Meredith Sauer, vice president of instruction at Lakeshore, said the college began planning for the hygienist program last fall as a way to “be a part of the solution” for the worker shortage.

“We assessed what those costs were and as a college, we were prepared to move forward and begin to seek how we’re going to do that,” she said. “So this was really a great opportunity for us.”

Sauer said the $1.2 million grant from the state will go toward a remodel of the college’s dental clinic, including updating outdated equipment and adding dental chairs to accommodate more students. She said the expansion will allow them to add the new hygienist degree without reducing enrollment in their dental assistant program, which currently uses the clinic.

She said Lakeshore already has current and former students inquiring about the new program.

“Personally, I go to my dentist and the assistants are really grateful that they’ve heard we’re bringing back dental hygiene,” Sauer said. “They’ve been in the field now for a little while after their dental assistant training, and they’re ready to come back and take that next step.”

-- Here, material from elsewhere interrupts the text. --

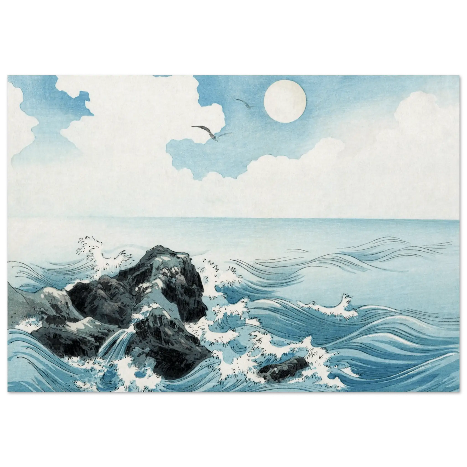 Unter einem hellen Himmel brechen die Wellen sanft an den Felsen von Kojima. Das Licht der Sonne glitzert auf dem Wasser, während Möwen ruhig über das Meer gleiten. Die Linien des Wassers wirken lebendig und zugleich geordnet – ein Sinnbild japanischer Balance zwischen Bewegung und Stille.

Funding will kickstart training for new kind of dental provider

Northcentral Technical College in Wausau will receive the largest grant at $2.2 million. The college will create the state’s first dental therapy training program, a new mid-level provider that was approved for licensure by the state Legislature in January. 

Angela Roesler, NTC’s dean of health sciences and community services, said efforts to bring the licensure to the state took around eight years and have been driven by needs in the state’s rural communities.

“Rural areas are lacking in oral health care,” she said. “The dental therapist pathway is really created to provide additional practitioners to our rural communities and meet the needs of those patients to optimize their overall health.”

Roesler said developing the new program, which could begin as early as fall of 2025, would not have been possible without funding from the state. She said the grant will add eight chairs to NTC’s dental clinic, which Roesler said is currently at capacity, and create a dental simulation lab to allow students to practice higher level skills.

She said they plan to hire a dentist to oversee the program, allowing students to provide restorative care as well as preventative services to the more than 1,000 patients the clinic serves annually.

The college will also add an expanded function dental auxiliary, or EFDA, certificate program. The new advanced certificate increases the scope of practice for dental assistants or auxiliaries. 

NTC is one of five technical colleges using the state grants to add an EFDA certificate program. Fox Valley Technical College plans to launch their program in fall of 2025. Ben McKenzie, dean of Fox Valley’s health division, said they have seen a high level of interest in the program from local dental clinics hoping to hire assistants with the advanced certificate.

“Because of the (state) grant funds, we were able to figure out how we’ll be able to work in that program,” he said. “We’re going to implement 12 dental simulators, which will be highly used in the EFDA program. Once they’re installed, we’ll be able to really do the core scheduling and get the training needs for the students.”

McKenzie said Fox Valley has already expanded the number of dental hygiene students they accept, going from 15 students to 24 in the current school year. He said the nearly $1.7 million from the state will also go toward infrastructure upgrades in the dental clinic.

Fox Valley also hopes to soon be able to accept patients with BadgerCare, the state’s public insurance program, McKenzie said. He said the expansion will allow the clinic to better serve people in the community who need dental care.